The show runs for three hours with a fifteen minute intermission after the first hour and a half. The last hour and a half seemed like a half hour. It is riveting, provocative, thrilling and everything brilliant you always heard Shakespeare was but never quite got. You get it with this production. It is also a timely dissection the business of conspiracy and tyranny and the human condition. Rylance’s Richard is clearly a psychopath and could be a character in a contemporary play.

When you enter the theater, the all male cast is on stage donning costumes, wigs, etc. The men who play women are so totally believable as women that you’re not sure they aren’t, even though you saw them making up and donning costumes. Richard, the truly evil, psychopathic man who would be king after murdering his brother and his brother’s children is scary, so scary he gives you the creeps in much the same compelling way that Hitler did.

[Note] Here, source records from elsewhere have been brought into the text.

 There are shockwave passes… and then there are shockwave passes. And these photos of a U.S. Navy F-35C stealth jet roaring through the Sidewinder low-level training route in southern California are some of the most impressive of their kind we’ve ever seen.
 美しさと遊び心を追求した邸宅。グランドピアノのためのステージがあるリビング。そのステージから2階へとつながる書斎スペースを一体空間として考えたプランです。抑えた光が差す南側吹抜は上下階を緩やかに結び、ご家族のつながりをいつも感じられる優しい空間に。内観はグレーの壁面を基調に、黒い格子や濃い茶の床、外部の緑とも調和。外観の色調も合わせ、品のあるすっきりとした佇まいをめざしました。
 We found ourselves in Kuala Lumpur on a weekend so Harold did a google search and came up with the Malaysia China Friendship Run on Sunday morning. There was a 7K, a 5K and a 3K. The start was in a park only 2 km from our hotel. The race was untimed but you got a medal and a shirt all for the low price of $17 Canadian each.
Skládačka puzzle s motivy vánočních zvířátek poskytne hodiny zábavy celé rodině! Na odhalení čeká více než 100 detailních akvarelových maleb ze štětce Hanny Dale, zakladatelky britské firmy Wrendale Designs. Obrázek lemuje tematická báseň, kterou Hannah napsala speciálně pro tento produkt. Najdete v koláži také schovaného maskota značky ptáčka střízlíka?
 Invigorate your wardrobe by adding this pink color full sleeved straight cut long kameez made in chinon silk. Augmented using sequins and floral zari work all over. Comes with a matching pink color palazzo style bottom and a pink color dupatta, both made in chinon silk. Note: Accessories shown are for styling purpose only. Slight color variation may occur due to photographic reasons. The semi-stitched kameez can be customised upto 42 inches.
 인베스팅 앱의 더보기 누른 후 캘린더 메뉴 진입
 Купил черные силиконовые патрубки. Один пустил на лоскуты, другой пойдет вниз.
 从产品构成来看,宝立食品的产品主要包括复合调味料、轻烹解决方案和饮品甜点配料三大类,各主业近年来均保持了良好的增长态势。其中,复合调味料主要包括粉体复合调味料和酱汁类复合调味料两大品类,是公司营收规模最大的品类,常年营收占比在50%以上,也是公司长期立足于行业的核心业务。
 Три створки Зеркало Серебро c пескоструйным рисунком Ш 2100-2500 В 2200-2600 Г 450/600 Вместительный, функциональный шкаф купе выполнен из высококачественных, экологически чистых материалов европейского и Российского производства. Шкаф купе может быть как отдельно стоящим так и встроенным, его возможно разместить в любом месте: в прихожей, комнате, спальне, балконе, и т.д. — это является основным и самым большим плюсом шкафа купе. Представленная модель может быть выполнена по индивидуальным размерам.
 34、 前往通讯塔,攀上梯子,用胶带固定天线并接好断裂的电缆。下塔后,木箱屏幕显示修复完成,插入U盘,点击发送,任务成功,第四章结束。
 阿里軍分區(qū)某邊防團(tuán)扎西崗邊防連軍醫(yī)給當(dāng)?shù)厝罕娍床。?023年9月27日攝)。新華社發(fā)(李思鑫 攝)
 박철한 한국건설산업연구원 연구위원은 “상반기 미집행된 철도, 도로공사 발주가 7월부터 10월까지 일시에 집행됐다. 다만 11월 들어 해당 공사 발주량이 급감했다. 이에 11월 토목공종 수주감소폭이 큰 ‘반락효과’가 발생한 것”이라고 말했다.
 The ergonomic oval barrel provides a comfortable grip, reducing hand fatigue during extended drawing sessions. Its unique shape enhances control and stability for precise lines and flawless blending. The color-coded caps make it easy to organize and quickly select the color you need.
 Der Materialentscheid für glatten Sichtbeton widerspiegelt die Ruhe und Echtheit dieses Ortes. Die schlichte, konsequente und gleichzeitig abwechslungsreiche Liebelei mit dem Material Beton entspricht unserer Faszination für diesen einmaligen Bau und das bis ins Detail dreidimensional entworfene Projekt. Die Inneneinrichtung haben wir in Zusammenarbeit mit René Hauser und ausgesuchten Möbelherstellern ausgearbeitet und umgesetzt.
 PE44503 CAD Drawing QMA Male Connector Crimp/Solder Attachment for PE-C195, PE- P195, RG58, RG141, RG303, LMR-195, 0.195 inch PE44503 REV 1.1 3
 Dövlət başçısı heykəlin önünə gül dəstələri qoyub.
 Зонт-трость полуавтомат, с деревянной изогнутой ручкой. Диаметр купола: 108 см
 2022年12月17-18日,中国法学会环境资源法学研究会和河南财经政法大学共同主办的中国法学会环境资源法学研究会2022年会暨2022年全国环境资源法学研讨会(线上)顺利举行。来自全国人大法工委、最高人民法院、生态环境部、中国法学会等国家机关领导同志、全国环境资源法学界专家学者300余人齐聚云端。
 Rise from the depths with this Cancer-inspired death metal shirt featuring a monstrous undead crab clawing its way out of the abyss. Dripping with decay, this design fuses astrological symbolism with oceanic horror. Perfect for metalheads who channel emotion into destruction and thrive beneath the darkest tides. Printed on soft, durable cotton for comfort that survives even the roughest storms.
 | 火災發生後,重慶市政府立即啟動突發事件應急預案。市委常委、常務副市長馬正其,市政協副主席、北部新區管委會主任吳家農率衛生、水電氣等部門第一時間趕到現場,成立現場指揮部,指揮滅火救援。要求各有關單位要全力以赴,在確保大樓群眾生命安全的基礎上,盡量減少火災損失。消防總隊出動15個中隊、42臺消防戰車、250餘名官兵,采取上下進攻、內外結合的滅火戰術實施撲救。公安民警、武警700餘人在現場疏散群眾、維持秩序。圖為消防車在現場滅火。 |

The theater was sold out. I don’t know how difficult it is to get tickets for this limited run but if you love theatre, or if you love Shakespeare, you’ve never seen anything like this. The last great sensational Shakespeare production on Broadway was in the mid-1960s was Richard Burton as Hamlet. I recall the production (with co-starred Hume Cronyn) because Burton had that magnificent voice which was compelling and he was also deeply involved with Elizabeth Taylor and they were a sensation to the public everywhere.

But this production of “Richard III” is different. This is a perfect example of why Shakespeare still resonates with any audience, four centuries later: you can’t stop watching for even a minute, even a second. It’s a limited run, so run and get your tickets.
 

Contact DPC here.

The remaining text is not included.